User Tools


Simulate Rare Variants Data

This tutorial covers simulation for DNA sequence data under

  • Demographic models based on Scott H. Williamson 2005 NIEHS SNPs data and Adam Eyre-Walker 2006 Environmental Genome Project (EGP) data
    • num. haplotypes = 51,340 x 2 = 102,680
  • Boyko 2008 European demographic model
    • num. haplotypes = 52,907 x 2 = 105,940
  • Boyko 2008 African demographic model
    • num. haplotypes = 25,636 x 2 = 51,272
  • Kryukov 2009 European demographic model
    • num. haplotypes = 90,000 x 2 = 180,000

Proportion of synonymous and proportion of protective variants can be customized. Note that specification of selection coefficients have to be adjusted accordingly.
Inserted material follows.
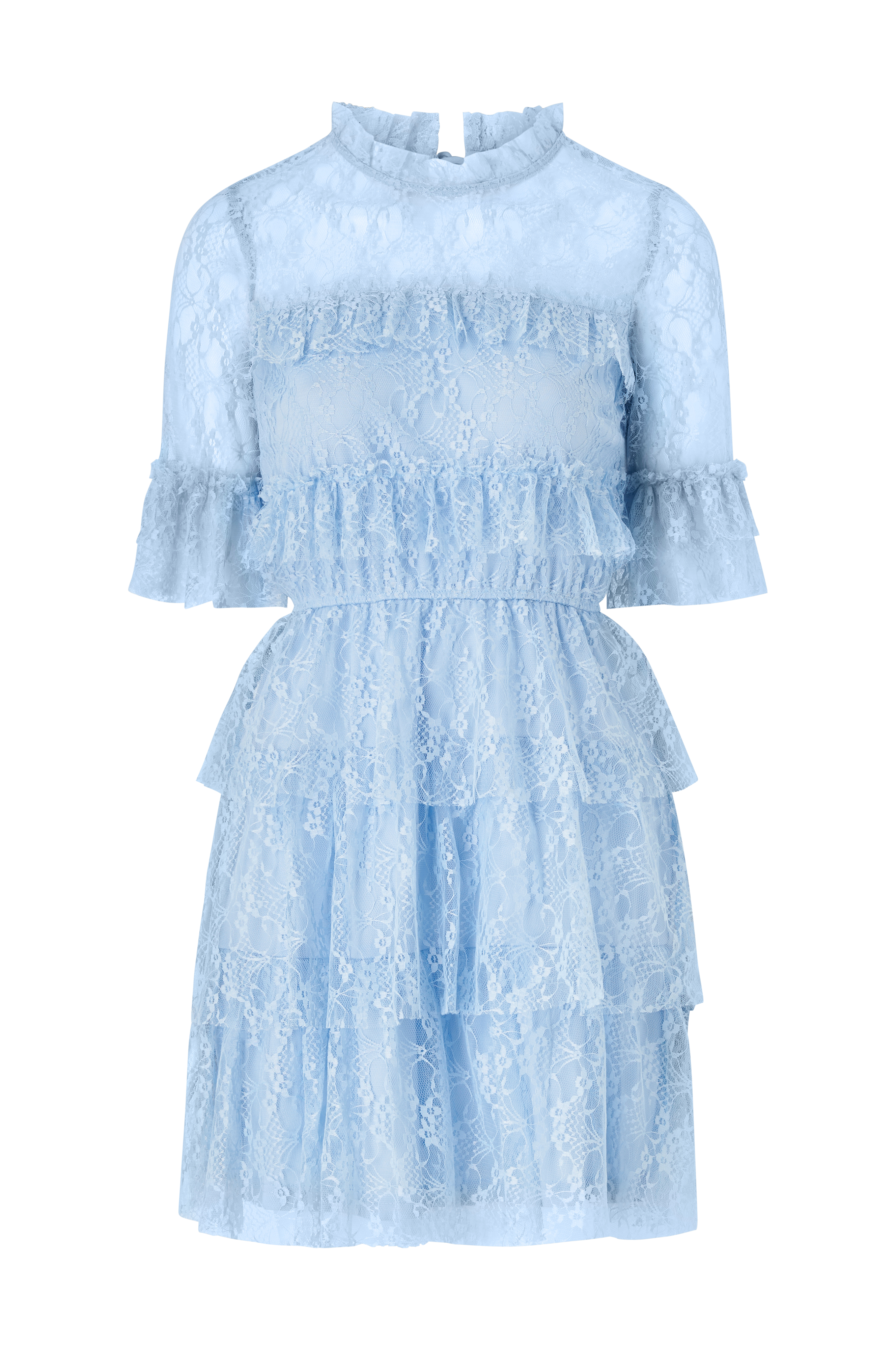 • Foret blondekjole i blød kvalitet• Rund, høj halsudskæring• Ventilation med knap i nakken• Elastik ved taljen• Blondevolanter på skørtet• Halvlange, uforede ærmer med blondevolanter ved ærmeafslutningerne• Længde: 92 cm i størrelse 36

Other common parameters are set as follows for all commands in this tutorial:

lenI=1800 # would like 1800, 5000, 10000
lenII=1800
fn="1800"
reps=200


Boyko 2008 European population model, 37% synonymous variants:

spower simulate --regRange=[$lenI,$lenII] --fileName="Boyko2008European$fn" --numReps=$reps --N=[7947,7947,262,7019,7019,52907,52907] --G=[5000,84,1,5217,1,576] --mutationModel='finite_sites' --mu=1.8e-08 --selModel='multiplicative' --selDist='Boyko_2008_European' --steps=[100] --verbose=0 --revertFixedSites=False > Boyko2008European$fn.log


Boyko 2008 African population model, 37% synonymous variants:

spower simulate --regRange=[$lenI,$lenII] --fileName="Boyko2008African$fn" --numReps=$reps --N=[7778,7778,25636,25636] --G=[5000,1,6809] --mutationModel='finite_sites' --mu=1.8e-08 --selModel='multiplicative' --selDist='Boyko_2008_African' --steps=[100] --verbose=0 --revertFixedSites=False > Boyko2008African$fn.log


Scott H. Williamson 2005 NIEHS SNPs data and Adam Eyre-Walker 2006 Environmental Genome Project (EGP) data:

spower simulate --regRange=[$lenI,$lenII] --fileName="Eyre2006Williamson$fn" --numReps=$reps --N=[8211,8211,51340,51340] --G=[5000,1,908] --mutationModel='finite_sites' --mu=1.8e-08 --selModel='multiplicative' --selDist='Eyre-Walker_2006' --steps=[100] --verbose=0 --revertFixedSites=False > Eyre2006Williamson$fn.log


Kryukov 2009 European population model, 37% synonymous variants:

spower simulate --regRange=[$lenI,$lenII] --fileName="Kryukov2009European$fn" --numReps=$reps --N=[8100,8100,7900,900000] --G=[5000,10,370] --mutationModel='finite_sites' --mu=1.8e-08 --selModel='multiplicative' --selDist='Kyrukov_2009_European' --steps=[100] --verbose=0 --revertFixedSites=False > Kryukov2009European$fn.log


Different proportions of protective and detrimental variants, 20% protective, 43% deleterious and 37% non-synonymous:

spower simulate --regRange=[$lenI,$lenII] --fileName="Kryukov2009EuropeanProtective$fn" --numReps=$reps --N=[8100,8100,7900,900000] --G=[5000,10,370] --mutationModel='finite_sites' --mu=1.8e-08 --selModel='multiplicative' --selDist='mixed_gamma' --selCoef=[0.37,0.0,0.43,0.184,0.320,0.184,0.320,0.5] --steps=[100] --verbose=0 --revertFixedSites=False > Kryukov2009EuropeanProtective$fn.log


The resulting default output are *.sfs and *.gdat files in the input format compatible with SEQPower power analysis commands.